Work instructions >> Go through the listing below and repeat it exactly, omitting each picture.

====== Source data ======

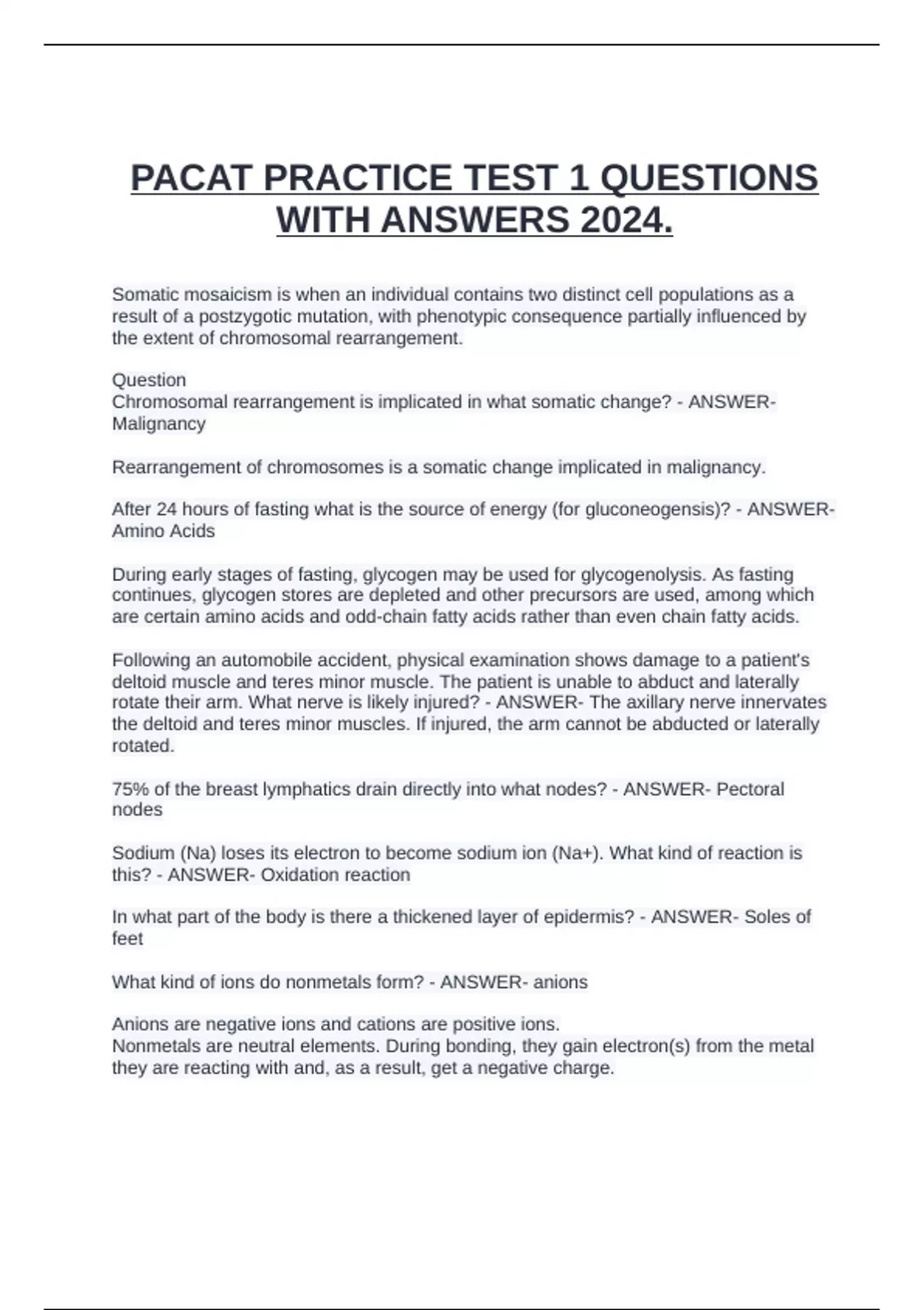 PACAT PRACTICE TEST 1 QUESTIONS WITH ANSWERS 2024..docx
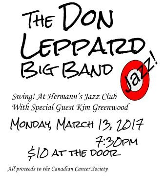 This will be a night of big band swing music with the Don Leppard Big Band! The night will feature swinging' tunes by the band and the vocal offerings of songstress Kim Greenwood. This will be a fundraiser and all proceeds will go to the Canadian Cancer Society.
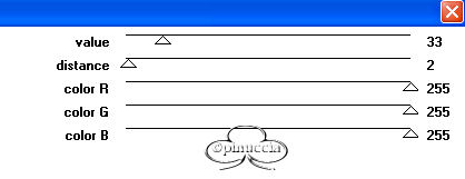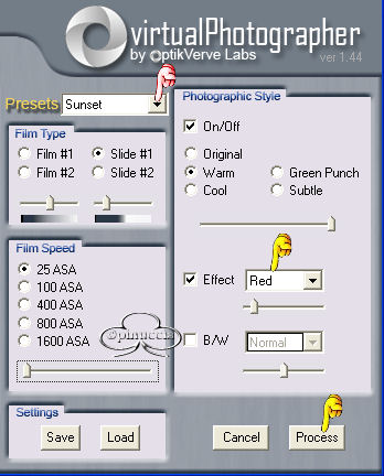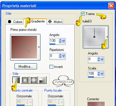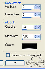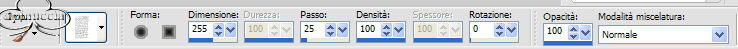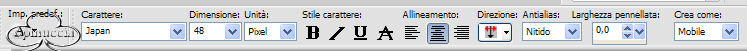 qui puoi trovare qualche risposta ai tuoi dubbi. Se l'argomento che ti interessa non è presente, ti prego di segnalarmelo. Questo tutorial è stato realizzato con PSP X. Materiale qui I tubes utilizzati per questo tutorial sono di Filly e di Patry. Filtri: FM Tile Tools qui. PhotoEffex qui Unlimited 2.0. qui Xero qui Bordermania qui Penta.com qui 1. Metti il materiale nelle rispettive cartelle. 2. Apri i tubes. Duplicali (shift+D) e chiudi gli originali. 3. Apri la trama "lee-text052". Immagine>Ridimensiona a 600 x 450 pixels. ![]() 4. Livelli>Carica/Salva maschera/Carica maschera da disco (inverti trasparenza non selezionato). ![]() Livelli>Unisci>Unisci tutto (appiattisci). 5. Effetti>Plugins>FM Tile Tools / Blend emboss, con i settaggi standard: ![]() 6. Imposta come colore di primo piano #6b2d25 (colore scuro), e come colore di sfondo #d9b9ae (colore chiaro). 7. Con questi colori imposta un gradiente di primo piano/sfondo, con i seguenti settaggi (la trama "tuile63" è nello zip): ![]() Livelli>Nuovo livello raster. 8. Riempi il nuovo livello con questo gradiente.9. Nella paletta dei livelli, abbassa l'opacità di questo livello al 34%. ![]() 10. Effetti>Plugins>Penta.com/Color dot. ![]() 11. Effetti>Effetti di bordo>Aumenta. 12. Apri il tube dell'ombrello. Posizionati sul livello del tube e vai a Modifica>Copia. Torna al tuo lavoro e vai a Modifica>Incolla come nuovo livello. Spostalo in basso a sinistra. (vedi tag finale).Immagine>Ridimensiona, 50 % (tutti i livelli non selezionato). ![]() 13. Nella paletta dei livelli, cambia la modalità di miscelatura di questo livello in "Sovrapponi". ![]() 14. Effetti>Plugins>FM Tile Tools/Blend Emboss, con i settaggi standard. ![]() 15. Effetti>effetti 3D>Sfalsa ombra, con i seguenti settaggi: ![]() 16. Apri il misted Romantic Face. Posizionati sul livello del tube e vai a Modifica>Copia. Torna al tuo lavoro e vai a Modifica>Incolla come nuovo livello. Spostalo a destra (vedi tag finale).Immagine>Ridimensiona, 80 % (tutti i livelli non selezionato). Dovresti avere questo: ![]() Livelli>Nuovo livello raster. 17. Nella paletta dei materiali, imposta come colore di primo piano il bianco (ricordati di deselezionare Trame). Riempi il nuovo livello con questo colore.18. Nella paletta dei livelli abbassa l'opacità di questo livello al 30%. Livelli>Nuovo livello raster. 19. Nella paletta dei materiali, imposta come colore di primo piano #d9b9ae e riempi il nuovo livello con questo colore.20. Nella paletta dei livelli abbassa l'opacità di questo livello al 24%. Dovresti avere questo. ![]() ![]() 21. Effetti>Plugins>FM Tile Tools/Blend Emboss, con i settaggi standard. ![]() Livelli>Nuovo livello raster. 22. Nella paletta dei materiali imposta come primo piano il colore bianco. Attiva lo strumento Pennello ![]() Cerca e applica il pennello "a-t_recrumpled_9" due o tre volte in alto e in basso (a tuo piacimento). ![]() 23. Apri il tube 06-Oriental_21. Posizionati sul livello del tube e vai a Modifica>Copia. Torna al tuo lavoro e vai a Modifica>Incolla come nuovo livello. Immagine>Ridimensiona, 30% (tutti i livelli non selezionato). Spostalo in alto a sinistra (vedi come esempio la tag finale).24. Effetti>Effetti 3D>Sfalsa ombra, con gli stessi settaggi del passo 15. ![]() Nella paletta dei livelli cambia la modalità di miscelatura in "Sovrapponi". Livelli>Nuovo livello raster. 25. Nella paletta del livelli, imposta il colore scuro come colore di primo piano. Attiva nuovamente lo strumento Pennello ![]() Seleziona il pennello "old text" (dimensione 255) ![]() e applicalo tra il tube del carattere e la donna (vedi la tag finale). 26. Nella paletta dei livelli cambia la modalità di miscelatura di questo livello in Sovrapponi e abbassa l'opacità al 48%. Dovresti avere questo. ![]() 27. Apri il tube della farfalla e vai a Modifica>Copia. Torna al tuo lavoro e vai a Modifica>Incolla come nuovo livello. Immagine>Ridimensiona, 40% (tutti i livelli non selezionato). ![]() Con lo strumento Spostamento posiziona la farfalla in alto (vedi esempio finale).Attiva lo strumento Puntatore ![]() (per chi usa PSP 9 è lo strumento Deformazione ![]() e applica alla farfalla una leggera rotazione verso sinistra. ![]() Nella paletta dei livelli, cambia la modalità di miscelatura di questo livello in "Filtra". 28. Apri il tube del fiore. Posizionati sul livello del tube e vai a Modifica>Copia. Torna al tuo lavoro e vai a Modifica>Incolla come nuovo livello. Spostalo in basso a destra (vedi esempio finale).Immagine>Ridimensiona, 50 % (tutti i livelli non selezionato). ![]() 29. Effetti>Plugins>PhotoEffex/Backround Blur. ![]() 30. Effetti>Plugins>FM Tile Tools/Blend Emboss, con i settaggi standard. ![]() 31. Livelli>Nuovo livello raster. 32. Nella paletta dei colori, imposta come colore di sfondo #947274 e chiudi il colore di primo piano. Attiva lo strumento Testo , seleziona il font "Japan",dimensione 48 (o a tua scelta, a seconda della lunghezza della tua firma); larghezza pennellata 0, Crea come Mobile ![]() e firma la tua tag. 33. Effetti>Effetti 3D>Sfalsa ombra, con i seguenti settaggi: ![]() Selezione>Deseleziona. 34. Nella paletta dei livelli, abbassa l'opacità di questo livello al 50%. Livelli>Nuovo livello raster. 35. Nella paletta dei colori, mantieni il colore #947274 come colore di sfondo. Attiva lo strumento Testo con un font a tua scelta.Io ho scelto Verdana, dimensione 9 e scrivi l'indirizzo del tuo sito, se ne hai uno. Immagine>Ruota>Ruota per gradi (270 a destra). ![]() Posiziona il testo sulla sinistra della tag. Selezione>Deseleziona. 36. Nella paletta dei livelli abbassa l'opacità di questo livello all'80%. Livelli>Unisci>Unisci tutto (appiattisci). 37. Effetti>Plugins>Bordermania / Frame #2. ![]() 38.Effetti>Plugins>Unlimited 2.0/Buttons and Frames/Glass Frame 2. ![]() 39. Effetti>Plugins>FM Tile Tools/Blend Emboss, con i settaggi standard. 40. Effetti>Plugins>OptikVerve/Virtual Photographer/Sunset. Clicca sul triangolino indicato dalla manina rossa

======

Output for this task >>
 PACAT PRACTICE TEST 1 QUESTIONS WITH ANSWERS 2024..docx
 This will be a night of big band swing music with the Don Leppard Big Band! The night will feature swinging' tunes by the band and the vocal offerings of songstress Kim Greenwood. This will be a fundraiser and all proceeds will go to the Canadian Cancer Society.
 qui puoi trovare qualche risposta ai tuoi dubbi. Se l'argomento che ti interessa non è presente, ti prego di segnalarmelo. Questo tutorial è stato realizzato con PSP X. Materiale qui I tubes utilizzati per questo tutorial sono di Filly e di Patry. Filtri: FM Tile Tools qui. PhotoEffex qui Unlimited 2.0. qui Xero qui Bordermania qui Penta.com qui 1. Metti il materiale nelle rispettive cartelle. 2. Apri i tubes. Duplicali (shift+D) e chiudi gli originali. 3. Apri la trama "lee-text052". Immagine>Ridimensiona a 600 x 450 pixels. ![]() 4. Livelli>Carica/Salva maschera/Carica maschera da disco (inverti trasparenza non selezionato). ![]() Livelli>Unisci>Unisci tutto (appiattisci). 5. Effetti>Plugins>FM Tile Tools / Blend emboss, con i settaggi standard: ![]() 6. Imposta come colore di primo piano #6b2d25 (colore scuro), e come colore di sfondo #d9b9ae (colore chiaro). 7. Con questi colori imposta un gradiente di primo piano/sfondo, con i seguenti settaggi (la trama "tuile63" è nello zip): ![]() Livelli>Nuovo livello raster. 8. Riempi il nuovo livello con questo gradiente.9. Nella paletta dei livelli, abbassa l'opacità di questo livello al 34%. ![]() 10. Effetti>Plugins>Penta.com/Color dot. ![]() 11. Effetti>Effetti di bordo>Aumenta. 12. Apri il tube dell'ombrello. Posizionati sul livello del tube e vai a Modifica>Copia. Torna al tuo lavoro e vai a Modifica>Incolla come nuovo livello. Spostalo in basso a sinistra. (vedi tag finale).Immagine>Ridimensiona, 50 % (tutti i livelli non selezionato). ![]() 13. Nella paletta dei livelli, cambia la modalità di miscelatura di questo livello in "Sovrapponi". ![]() 14. Effetti>Plugins>FM Tile Tools/Blend Emboss, con i settaggi standard. ![]() 15. Effetti>effetti 3D>Sfalsa ombra, con i seguenti settaggi: ![]() 16. Apri il misted Romantic Face. Posizionati sul livello del tube e vai a Modifica>Copia. Torna al tuo lavoro e vai a Modifica>Incolla come nuovo livello. Spostalo a destra (vedi tag finale).Immagine>Ridimensiona, 80 % (tutti i livelli non selezionato). Dovresti avere questo: ![]() Livelli>Nuovo livello raster. 17. Nella paletta dei materiali, imposta come colore di primo piano il bianco (ricordati di deselezionare Trame). Riempi il nuovo livello con questo colore.18. Nella paletta dei livelli abbassa l'opacità di questo livello al 30%. Livelli>Nuovo livello raster. 19. Nella paletta dei materiali, imposta come colore di primo piano #d9b9ae e riempi il nuovo livello con questo colore.20. Nella paletta dei livelli abbassa l'opacità di questo livello al 24%. Dovresti avere questo. ![]() ![]() 21. Effetti>Plugins>FM Tile Tools/Blend Emboss, con i settaggi standard. ![]() Livelli>Nuovo livello raster. 22. Nella paletta dei materiali imposta come primo piano il colore bianco. Attiva lo strumento Pennello ![]() Cerca e applica il pennello "a-t_recrumpled_9" due o tre volte in alto e in basso (a tuo piacimento). ![]() 23. Apri il tube 06-Oriental_21. Posizionati sul livello del tube e vai a Modifica>Copia. Torna al tuo lavoro e vai a Modifica>Incolla come nuovo livello. Immagine>Ridimensiona, 30% (tutti i livelli non selezionato). Spostalo in alto a sinistra (vedi come esempio la tag finale).24. Effetti>Effetti 3D>Sfalsa ombra, con gli stessi settaggi del passo 15. ![]() Nella paletta dei livelli cambia la modalità di miscelatura in "Sovrapponi". Livelli>Nuovo livello raster. 25. Nella paletta del livelli, imposta il colore scuro come colore di primo piano. Attiva nuovamente lo strumento Pennello ![]() Seleziona il pennello "old text" (dimensione 255) ![]() e applicalo tra il tube del carattere e la donna (vedi la tag finale). 26. Nella paletta dei livelli cambia la modalità di miscelatura di questo livello in Sovrapponi e abbassa l'opacità al 48%. Dovresti avere questo. ![]() 27. Apri il tube della farfalla e vai a Modifica>Copia. Torna al tuo lavoro e vai a Modifica>Incolla come nuovo livello. Immagine>Ridimensiona, 40% (tutti i livelli non selezionato). ![]() Con lo strumento Spostamento posiziona la farfalla in alto (vedi esempio finale).Attiva lo strumento Puntatore ![]() (per chi usa PSP 9 è lo strumento Deformazione ![]() e applica alla farfalla una leggera rotazione verso sinistra. ![]() Nella paletta dei livelli, cambia la modalità di miscelatura di questo livello in "Filtra". 28. Apri il tube del fiore. Posizionati sul livello del tube e vai a Modifica>Copia. Torna al tuo lavoro e vai a Modifica>Incolla come nuovo livello. Spostalo in basso a destra (vedi esempio finale).Immagine>Ridimensiona, 50 % (tutti i livelli non selezionato). ![]() 29. Effetti>Plugins>PhotoEffex/Backround Blur. ![]() 30. Effetti>Plugins>FM Tile Tools/Blend Emboss, con i settaggi standard. ![]() 31. Livelli>Nuovo livello raster. 32. Nella paletta dei colori, imposta come colore di sfondo #947274 e chiudi il colore di primo piano. Attiva lo strumento Testo , seleziona il font "Japan",dimensione 48 (o a tua scelta, a seconda della lunghezza della tua firma); larghezza pennellata 0, Crea come Mobile ![]() e firma la tua tag. 33. Effetti>Effetti 3D>Sfalsa ombra, con i seguenti settaggi: ![]() Selezione>Deseleziona. 34. Nella paletta dei livelli, abbassa l'opacità di questo livello al 50%. Livelli>Nuovo livello raster. 35. Nella paletta dei colori, mantieni il colore #947274 come colore di sfondo. Attiva lo strumento Testo con un font a tua scelta.Io ho scelto Verdana, dimensione 9 e scrivi l'indirizzo del tuo sito, se ne hai uno. Immagine>Ruota>Ruota per gradi (270 a destra). ![]() Posiziona il testo sulla sinistra della tag. Selezione>Deseleziona. 36. Nella paletta dei livelli abbassa l'opacità di questo livello all'80%. Livelli>Unisci>Unisci tutto (appiattisci). 37. Effetti>Plugins>Bordermania / Frame #2. ![]() 38.Effetti>Plugins>Unlimited 2.0/Buttons and Frames/Glass Frame 2. ![]() 39. Effetti>Plugins>FM Tile Tools/Blend Emboss, con i settaggi standard. 40. Effetti>Plugins>OptikVerve/Virtual Photographer/Sunset. Clicca sul triangolino indicato dalla manina rossa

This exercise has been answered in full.